In order to search a model that better than the above 2. Our group also tested the law by using Lasso Regression. In this case, we have:
Lasso Coef: -0.0
Lasso Intercept: 0.012102210503849496
Lasso Regression R_square: 0.0
Lasso Regression MSE: 4.066087601850162e-05
Our Lasso Regression model yields the highest MSE among the three models. Besides, an 0 value of R-square indicates that V and FD have no relationship, which is not quite true. Therefore, this model is the least accurate one. 金融市场作业代写
Instead of using different models to generate the most accurate conservation law for our project, we also tried three different ways to calculate FD. We found out that each of the methods gave us different processing speed of the system and changed the accuracy of the three models.

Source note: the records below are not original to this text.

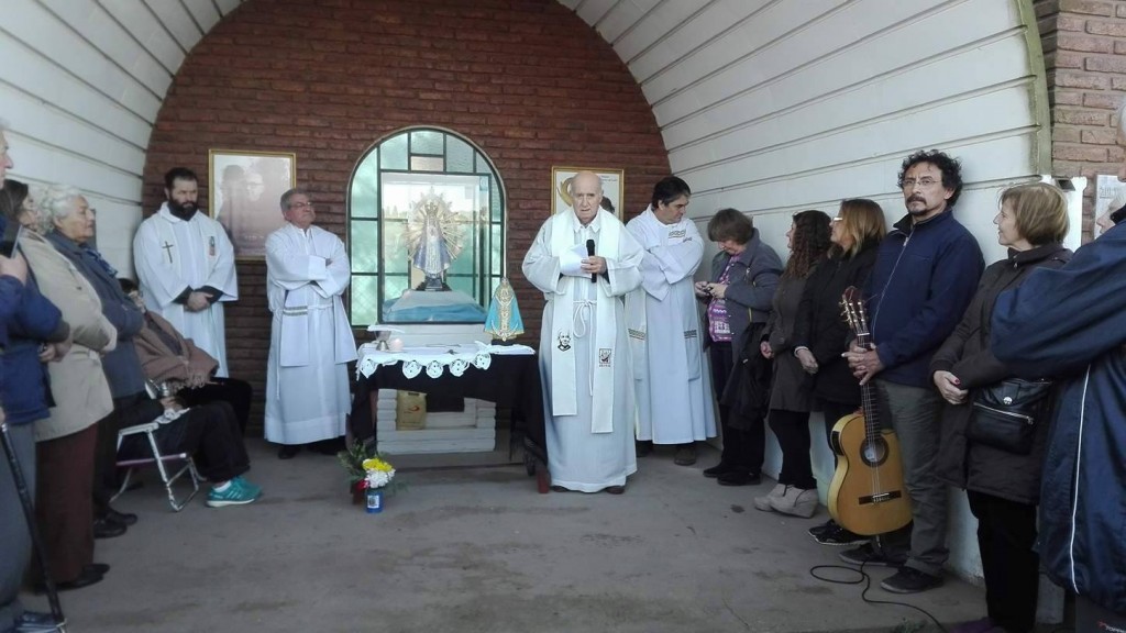 El Padre Aníbal Polacchi junto a un grupo de sacerdotes ofició misa y hubo momentos emotivos con palabras de vecinos para recordar al obispo.
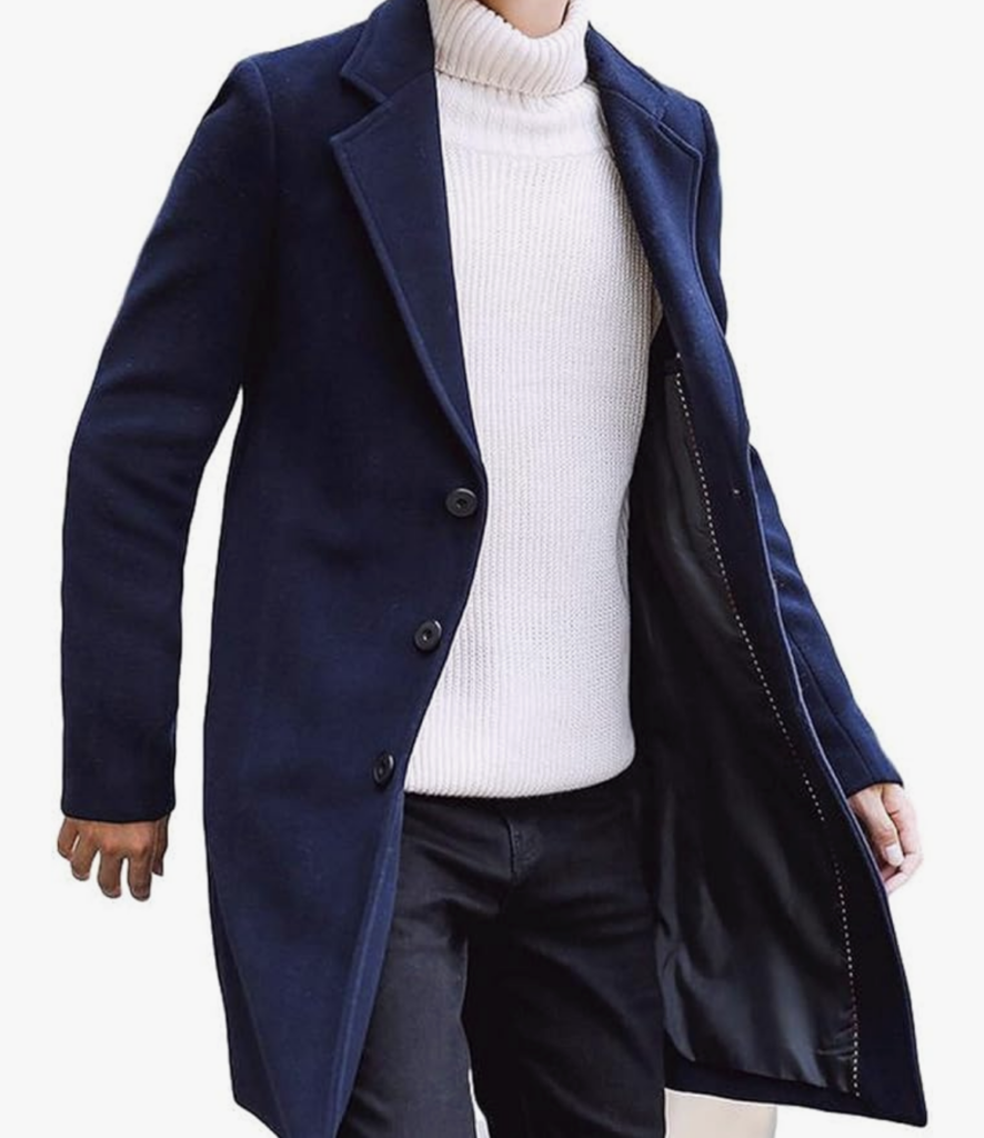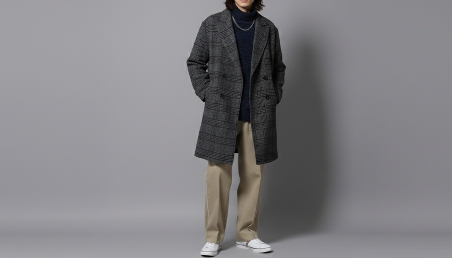 グレーのチェスターコート × ネイビーのタートルネックニット × ベージュのスラックス × 白スニーカー
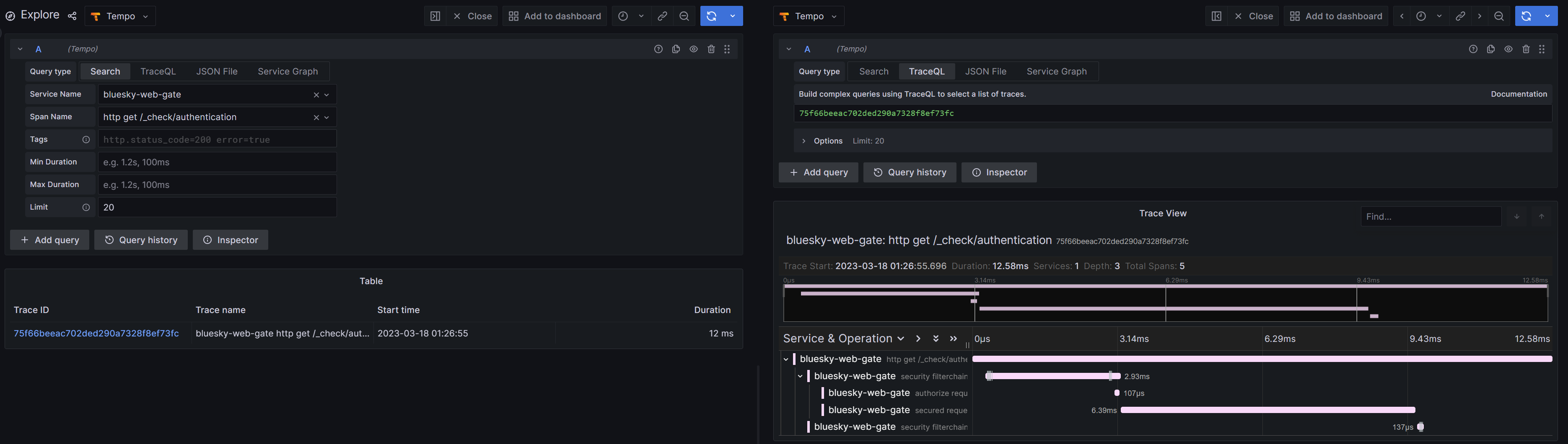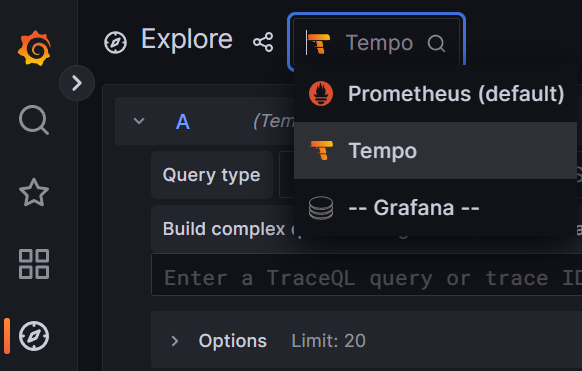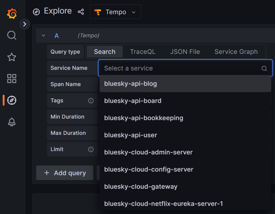 grafana의 explore로 이동하여 Tempo를 선택한 후

After comparing the result of R-Square and MSE from each of the three models, we found out that, by applying Hurst 3 to calculate FD, the speed of processing time has been increased dramatically. The accuracy of R has improved, and MSE has decreased for Linear Regression and Ridge Regression models. Regarding Lasso Regression, even though we changed the way to calculate FD, it didn’t have much influence on the result of this model. The R-Square remains 0, and MSE remains the highest. Hence, Hurst 3 has been applied to our system, and Linear Regression generates the most accurate model for our conservation law. 金融市场作业代写
Conclusion 金融市场作业代写
By testing the above three models, we can conclude that the Linear Regression Model is the most accurate one with smallest MSE value (3.1377) and highest R-square (0.22832) which showed that our data can be 22.832% explained and the mean sum of deviations is about 3.1377 units.
As a conclusion from our findings regarding the financial market, Analysis of Variance (ANOVA), which quantifies the strength of the relationships between variables, is helpful to analyze and evaluate the market performance. According to our tests, Linear Regression is the 12most efficient way of creating the conservation law and also Linear Regression is simple to use compared to others. We can predict the dependent value by the regression model based on changes of independent variable.
In the regression analysis, heteroskedasticity created significant problems for statistical inference. Assuming the volatility of currency pairs presented to be autocorrelated and the estimation of Autoregressive Model for detecting serial correlation is based on linear regression model so testing unit root is a way to test for non-stationarity since a random walk is not covariance stationary. Therefore, testing of AR Model can determine if a time series is covariance stationary and Dicky-Fuller testing should be used.